* _Data block_
--- START ---

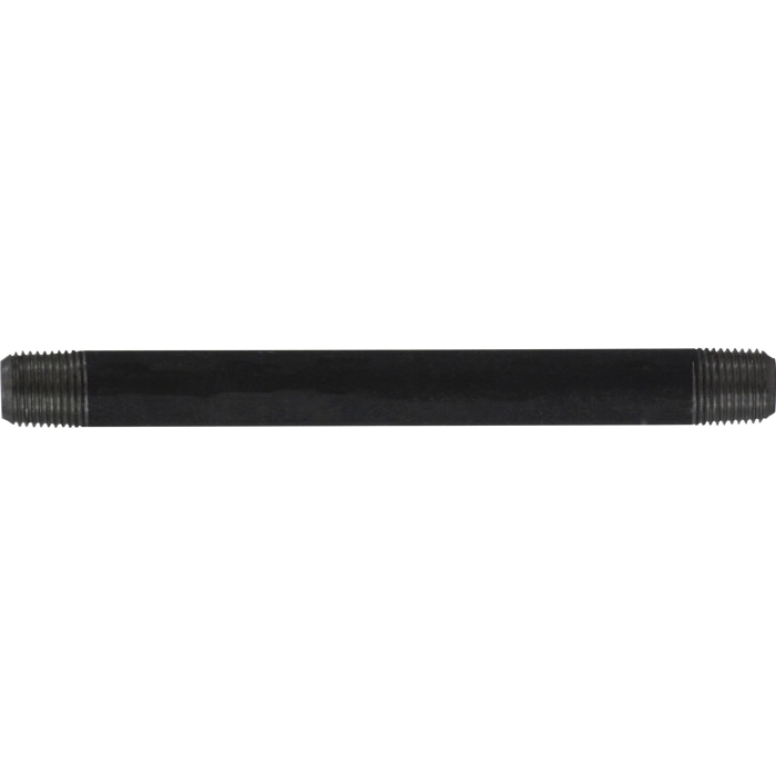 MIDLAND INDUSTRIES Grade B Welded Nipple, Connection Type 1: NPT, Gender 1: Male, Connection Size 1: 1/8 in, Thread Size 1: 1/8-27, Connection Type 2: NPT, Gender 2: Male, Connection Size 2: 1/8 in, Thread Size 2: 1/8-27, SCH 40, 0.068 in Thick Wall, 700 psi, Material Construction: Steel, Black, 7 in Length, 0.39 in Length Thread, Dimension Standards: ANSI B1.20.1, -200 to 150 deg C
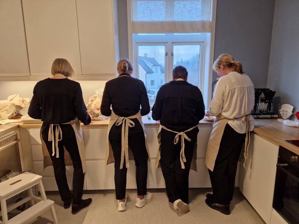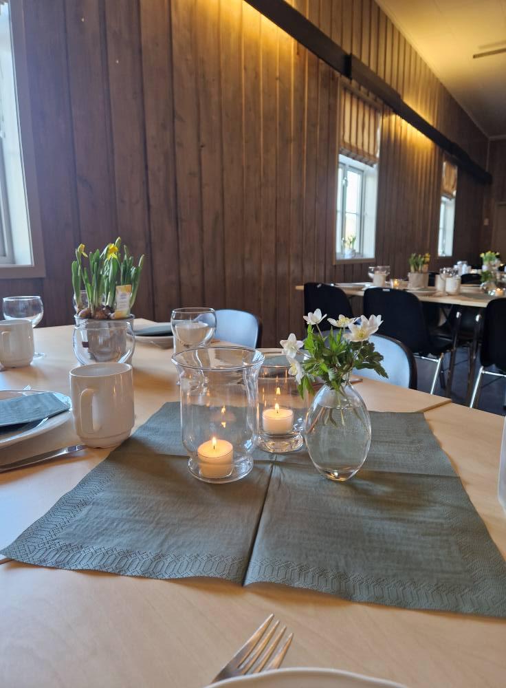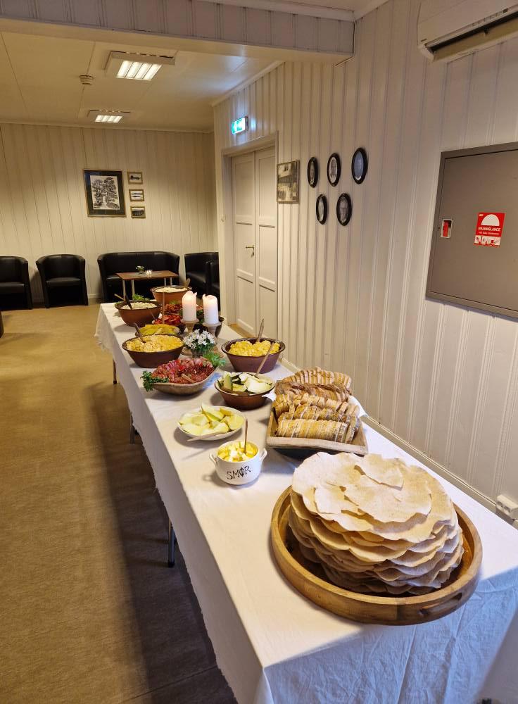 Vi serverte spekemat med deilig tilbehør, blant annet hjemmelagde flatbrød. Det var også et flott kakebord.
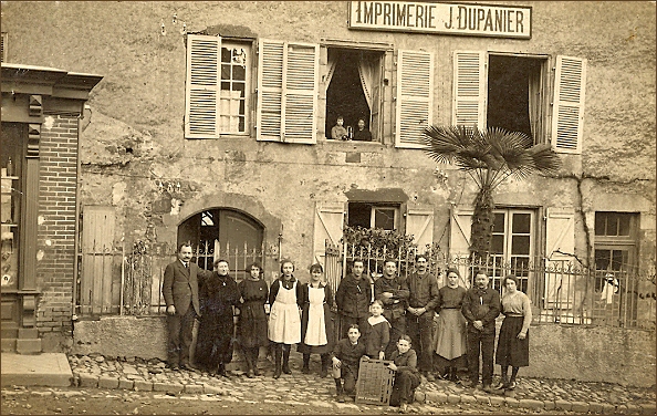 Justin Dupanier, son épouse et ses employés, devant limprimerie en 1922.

--- END ---

* _What is needed_
Copy the data word for word. Pictures do not go in the copy.

* _Task answer_
 MIDLAND INDUSTRIES Grade B Welded Nipple, Connection Type 1: NPT, Gender 1: Male, Connection Size 1: 1/8 in, Thread Size 1: 1/8-27, Connection Type 2: NPT, Gender 2: Male, Connection Size 2: 1/8 in, Thread Size 2: 1/8-27, SCH 40, 0.068 in Thick Wall, 700 psi, Material Construction: Steel, Black, 7 in Length, 0.39 in Length Thread, Dimension Standards: ANSI B1.20.1, -200 to 150 deg C
 Vi serverte spekemat med deilig tilbehør, blant annet hjemmelagde flatbrød. Det var også et flott kakebord.
 Justin Dupanier, son épouse et ses employés, devant limprimerie en 1922.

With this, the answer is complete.